First, news about a funding opportunity:

  • Laurent Cesalli has received a major grant from the Swiss National Science Foundation for a four-year project on forms of realism in the medieval tradition as compared to the Austrian-German tradition. He has funds for two postdocs and a doctoral student. The project requires scholarly background in both the medieval and later German tradition, and so language skills in both Latin and German. The project starts in April 2019, and interested parties should contact Laurent directly.

Next, a graduate seminar this spring:

  • The Newberry Library (Chicago) is offering a 10-week graduate seminar this spring on Boethius’s Consolation of Philosophy and its reception, taught by Ian Cornelius (Loyola Chicago). For students at a great many American universities, there looks to be some funding to support attendance. The application deadline is TOMORROW (November 12, 2018). Seminar dates are January 11 – March 15, 2019.

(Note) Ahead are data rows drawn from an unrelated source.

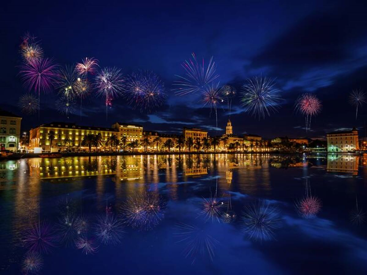 Umhüllt von römischen Mauern geht in den Gassen der Altstadt von Split die Post ab: angesagte Läden, eine bunte Mischung von Menschen, Cafés und Bars - das junge Kroatien, wie es leibt und lebt. Wir stürzen uns hinein und machen auch einen Ausflug in die "Unterwelt" des riesigen Diokletian-Palastes (UNESCO-Welterbe) zu Mauer- und Gebäuderesten der Antike. Während wir am Hafen den Fähren nachblicken, werden auf der Promenade bereits kleine Bühnen aufgebaut. Es bleibt Zeit für eigene Unternehmungen. Bummeln Sie in der Altstadt durch die Galerien und Boutiquen oder spazieren Sie an der Uferpromenade entlang! Unterwegs: Strandbuchten, spielende Kinder, Jogger und so manche Bar zum Ausruhen. Unser Silvester-Dinner erwartet uns dann im Restaurant Bajamonti in der Altstadt von Split, und wir stoßen auf das neue Jahr an. Lust auf me(e)hr? Dann ab auf die Uferpromenade Riva! Hier können Sie sich von der Feierfreude der Kroaten überzeugen: Unter den Palmen begrüßen sie tanzend und lachend das neue Jahr.
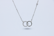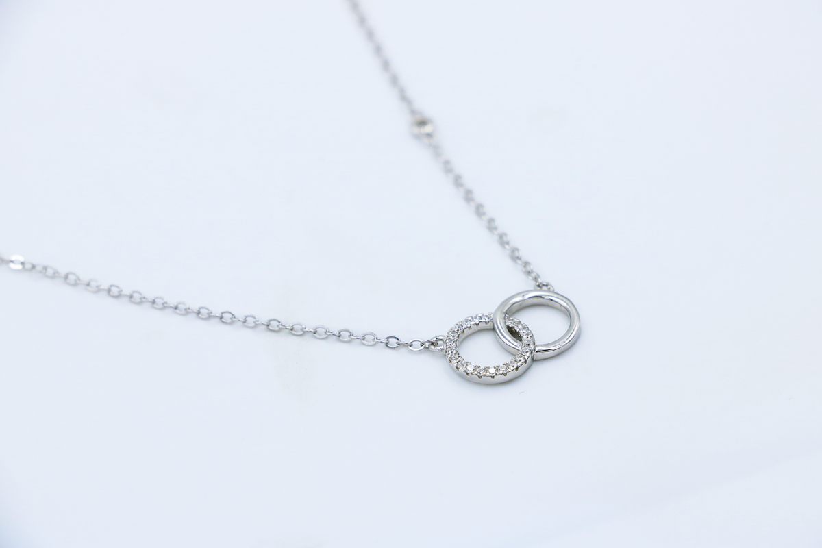 • Interlocking ring pendant (one plain, one pavé zircon)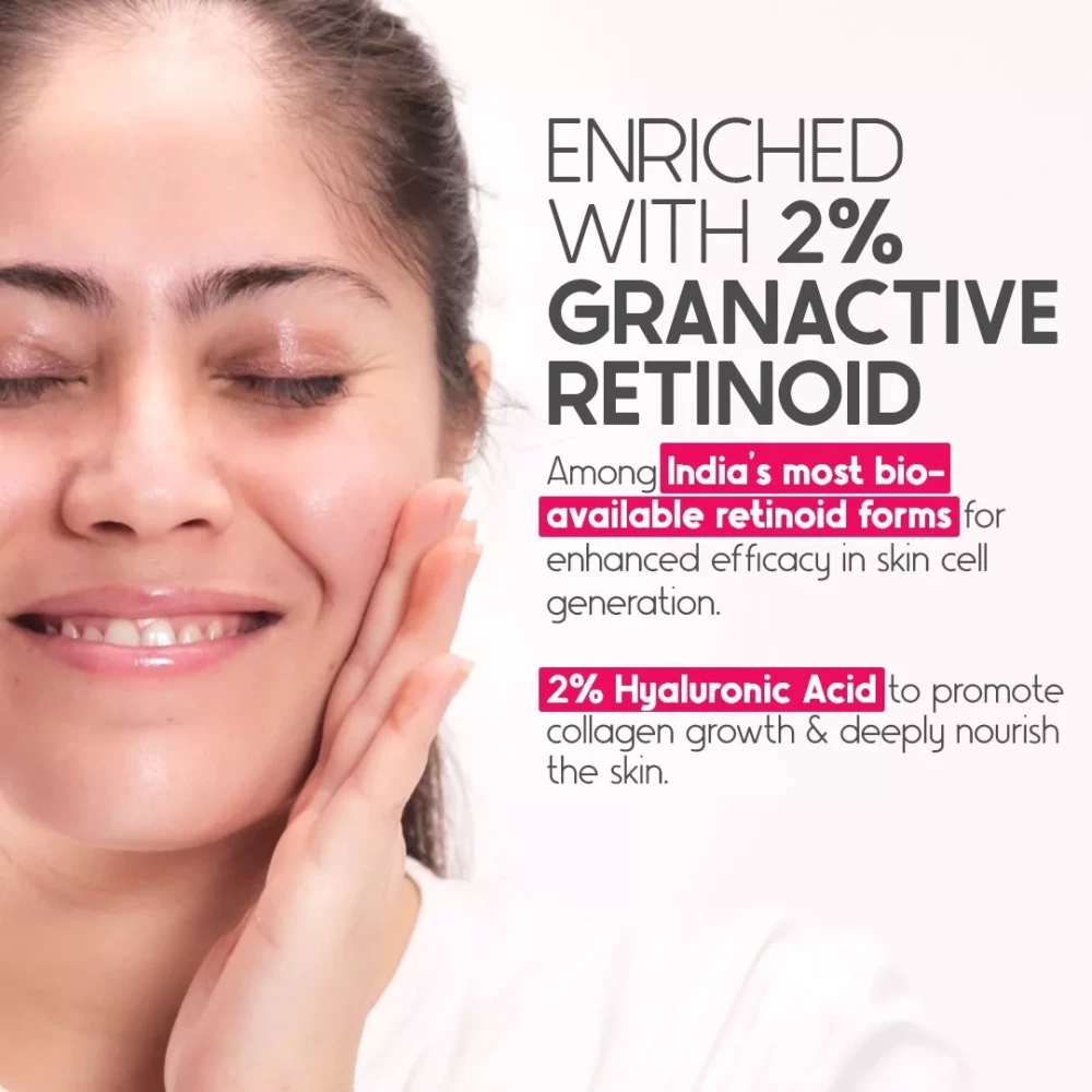 ACE ANTI AGING SERUM: 2% Granactive Retinoid serum for face increases the cell turnover rate & slows down the skin’s aging process thus producing fresh skin faster, to keep various signs of aging at bay.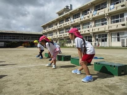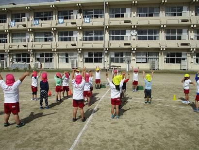 小学校の校庭をお借りして、たくさん体を動かしています。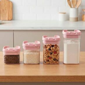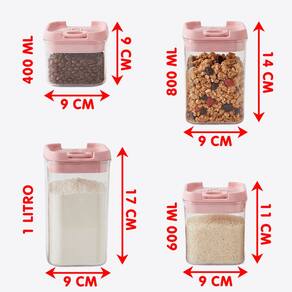 Este conjunto de 4 potes herméticos quadrados é ideal para armazenar mantimentos como arroz, feijão, açúcar, café, macarrão, cereais, snacks e muito mais
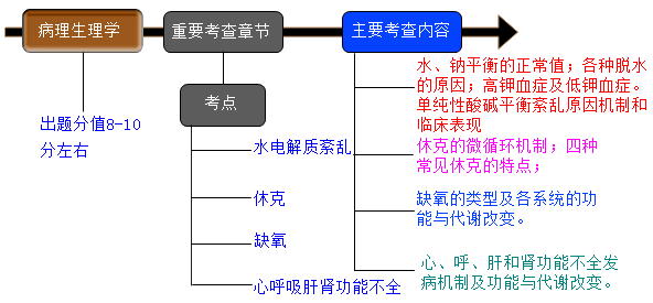 2021年中級主管藥師病理生理學(xué)在基礎(chǔ)知識考試科目中出現(xiàn),所占分值大概8-10分左右。重點考察章節(jié)及重點考察內(nèi)容如下: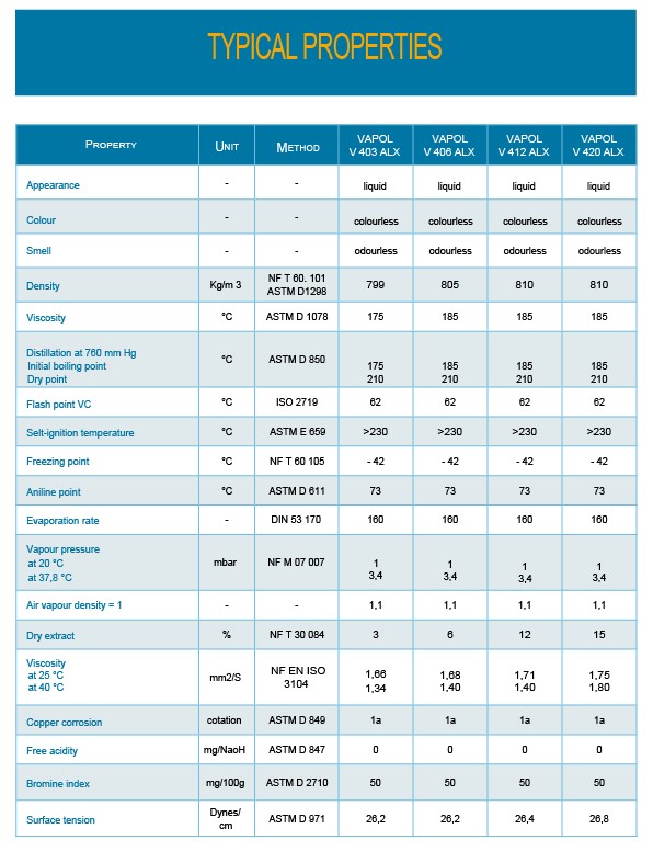 VAPOL® série V 400 ALX are guaranteed chlorine and sulphur-free.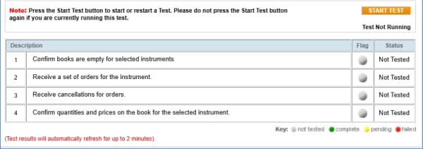 The purpose of this test is to verify that your application can properly receive and process book management information for market by price book.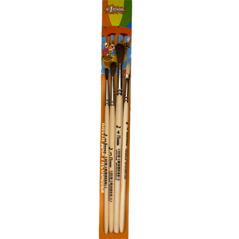 Кисть №1 School Шустрики набор пони кр.№3,№4,белка круг.№2,щетина плоск. №4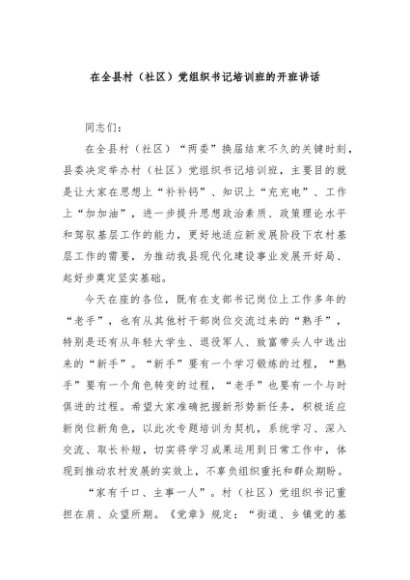 / 【七哥公文】2024年:在全县村(社区)党组织书记培训班的开班讲话+更多免费公文+VX:QiGeGongWen2024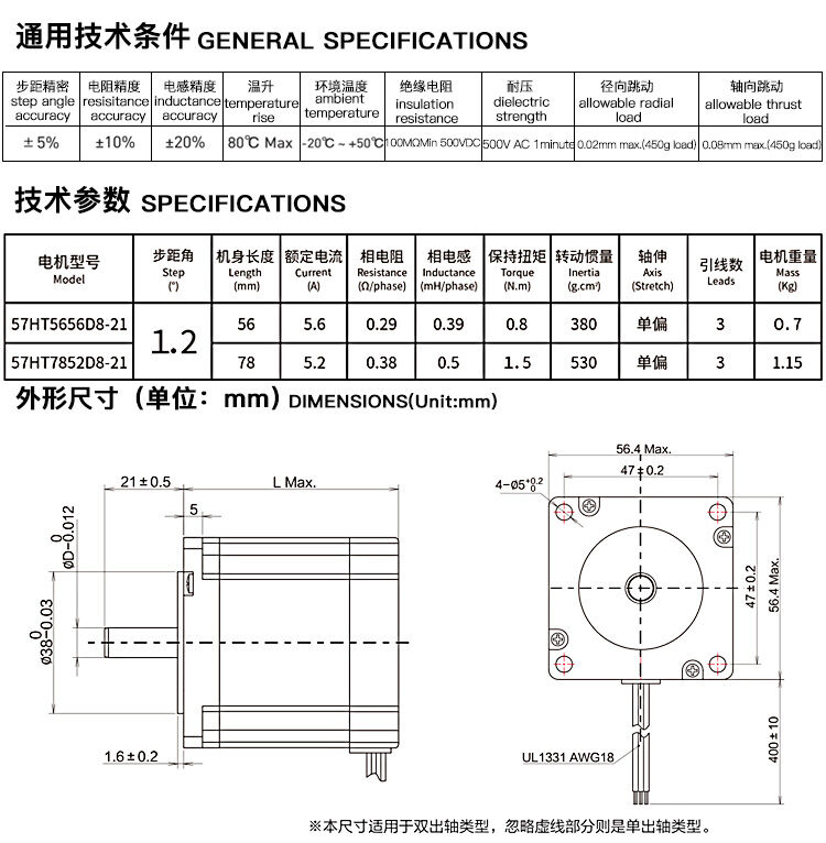 两相1.8°混合式步进电机39系列步进电机

Finally, various conferences:

  • This coming week, there’s a conference in Bonn on Peter Thomae’s De ente (Universität Bonn, November 16-17, 2018).
  • Journées thomistes 2018 takes place in a few weeks, on the topic Le corps humain selon Thomas d’Aquin : nature et destinée (Paris, Nov. 30-Dec. 1, 2018).
  • Marleen Rozemond and Brian Embry are organizing a conference this spring on Varieties of Unity in Early Modern Philosophy. This is relevant on this blog because the call expressly invites contributions on late-scholastic authors (Groningen, April 12-13, 2019). Cfp deadline is January 10, 2019.
  • Jamal Rachak (Univ. Cadi Ayyad, Marrakesh) is organizing a symposium this coming April on Philosophy in the Islamic West (Marrakesh, April 25-26, 2019). The call for papers deadline is November 30, 2018. Details here.
  • Peter Hartman and Kristen Irwin are organizing a conference, Francisco Suárez: Predecessors and Successors, for the spring (Loyola Univ. Chicago, April 26-27, 2019). Note that some funding is available for would-be participants. Application deadline December 31, 2018.
  • The International Medieval Society Paris is holding an interdisciplinary conference on Time next summer (Paris, July 8-10, 2019). Cfp deadline is November 30, 2018.